= Lyonsville, California =

Unincorporated community in California, United States

Lyonsville in Tehama County, California, United States was the site of the Lyonsville Mill, a major lumber operation which was once the largest sawmill in Northern California. It was located between the north and south forks of Antelope Creek, high above Hogsback Ridge. The mill served logging operations around Antelope Creek, and around it grew a town of the same name, with two saloons, a community hall, a general store, a post office, and machine and blacksmith shops. At its peak, there were more than 1000 people in the town.

Nothing remains of it today apart from a giant sawdust pile, some brick mill foundations, a cemetery located 0.5 mile from the town proper, and thousands of square nails, bolts, and railroad spikes.
==History==
A post office was established at Lyonsville in 1883, which was moved to Paynes Creek in May 1937. The mill, and town, were named after Darwyn B. Lyon, who was the first superintendent of the Antelope Division of the Sierra Lumber Company, which operated several mills in the area when the town was founded.

Champion #1 Mill was built by Herbert Kraft and became one of the C. F. Ellsworth mills in Antelope Creek in 1870.

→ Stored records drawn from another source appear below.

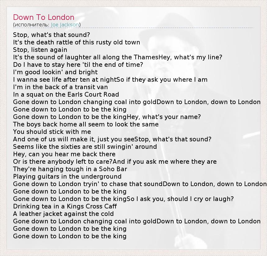 Gone down to London tryin' to chase that soundDown to London, down to London
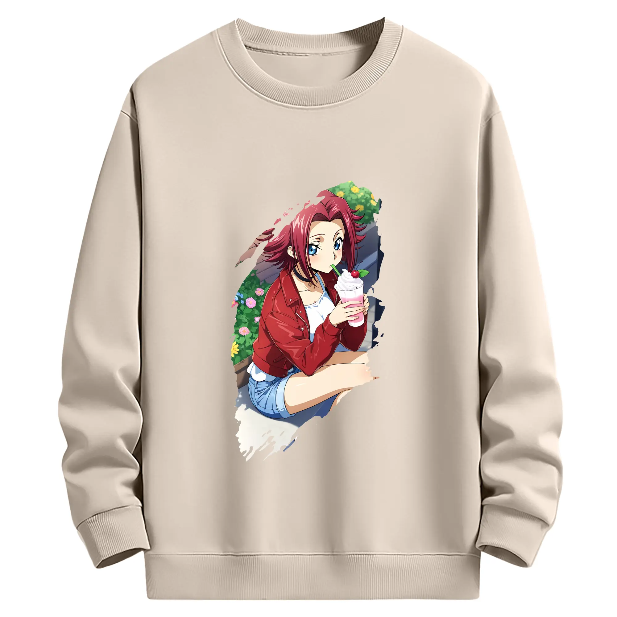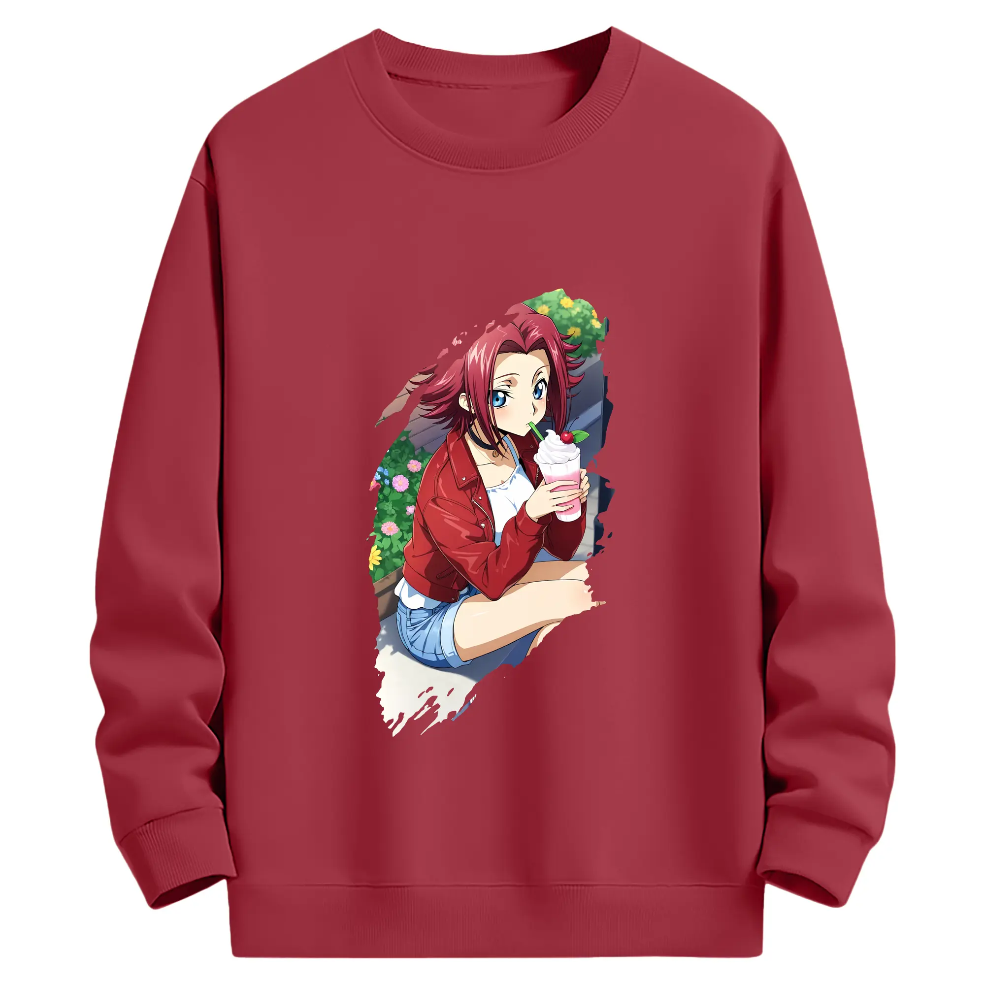 コードギアス 反逆のルルーシュ グッズ カレン・シュタットフェルト - 薄手 クルーネック スウェット 裏毛260g · ポリエステル 春秋向け カジュアル 男女兼用 · トレーナー デイリー スポーツ 散歩に最適
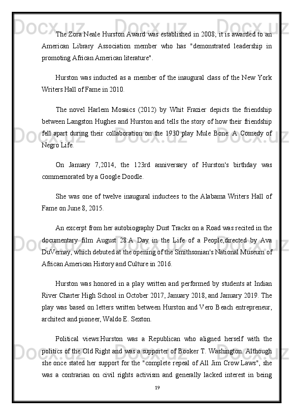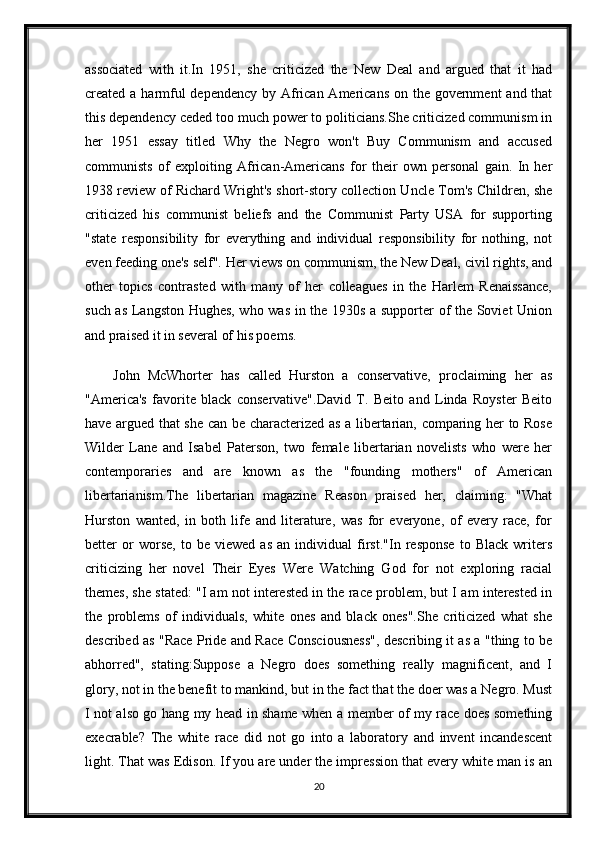 John   McWhorter   has   called   Hurston   a   conservative,   proclaiming   her   as
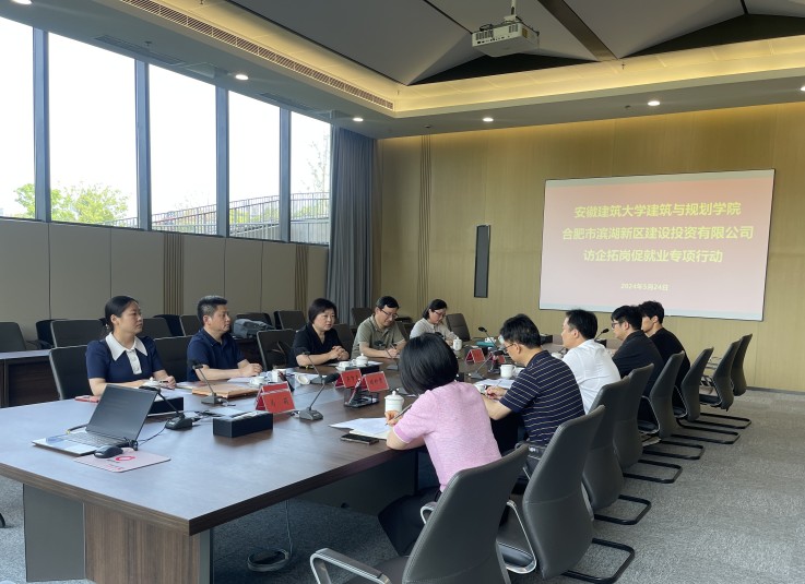 本网讯 为贯彻落实教育部、省教育厅关于访企拓岗促就业专项行动工作部署和要求,深入了解企业需求,挖掘实习就业岗位,为毕业生争取更多就业机会,促进毕业生高质量充分就业。2024年5月25日,校党委常委、副校长李早率建规学院负责人、教师代表、毕业班辅导员赴合肥市滨湖新区建设投资有限公司,开展“访企拓岗”促就业专项行动。
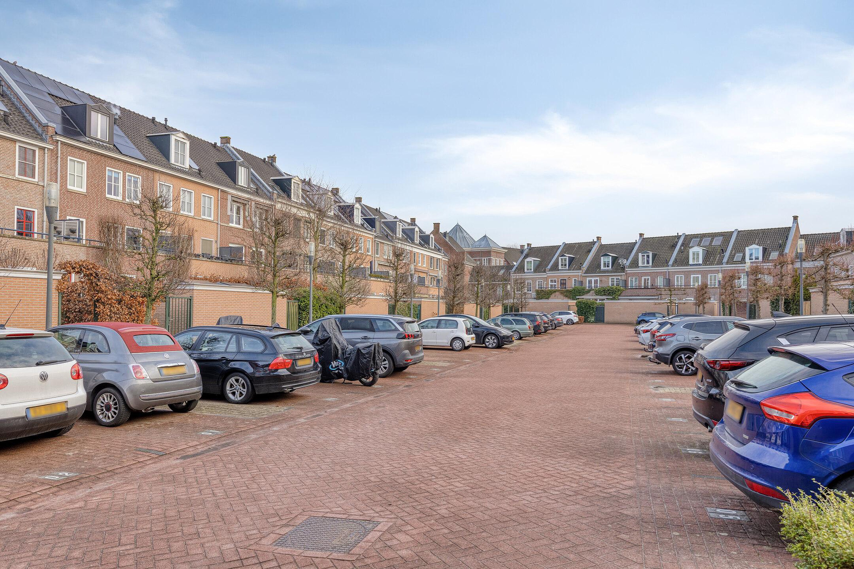 Via de achtertuin bereikt u het afgesloten binnenterrein. Dit terrein is uitsluitend toegankelijk voor bewoners en is verkeersluw. Daardoor ontstaat een veilige buitenruimte waar kinderen kunnen spelen, fietsen of verblijven zonder doorgaand verkeer. De privé parkeerplaats ligt eveneens op dit binnenterrein.
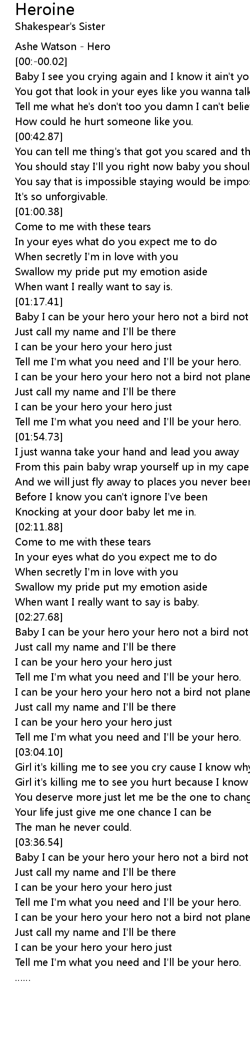 | [01:17.58] | Baby I can be your hero your hero not a bird not plane |

The Lyonsville Mill, also known as Champion #2 Mill and by locals as "The Champ", was constructed three times, and by 1885 employed 300 to 400 people. It was first built as a steam mill in 1876/1877, having 2 circular saws which could nominally cut 30000 board-feet per day, and operated until it burned down in 1891. It was then re-built, to again burn down in 1907. A narrow-gauge railway with a roundhouse was used to move logs to the mill.

The Diamond Match Company acquired Sierra's timber holdings in 1907, and the mill was rebuilt in 1908 for the third time.

At the turn of the century, mill hands would "ride the flume" on wooden boards for 35 miles between Lyonsville and Red Bluff. The original flume had been built by the people who first settled Lyonsville, to divert water from the Creek to their home, which was on an old Yahi Native American foot trail between Lassen and Antelope Creek, named Waganupa. The mill was served by a newer box flume. Sawdust was dumped from the mill at the foot of Antelope Creek and would eventually become a pile several hundred feet deep.

In 1913, Champion #2 Mill closed because Diamond Match moved their operations to Sterling City. By 1918, residents had abandoned the town. However, a "new" Lyonsville, 1.5 mile northeast of the original site and near the Turner Ranch, is recorded between 1926 and 1956. It was the location of a Civilian Conservation Corps camp. Although Lyonsville became a ghost town, its post office did not close until December 28, 1937.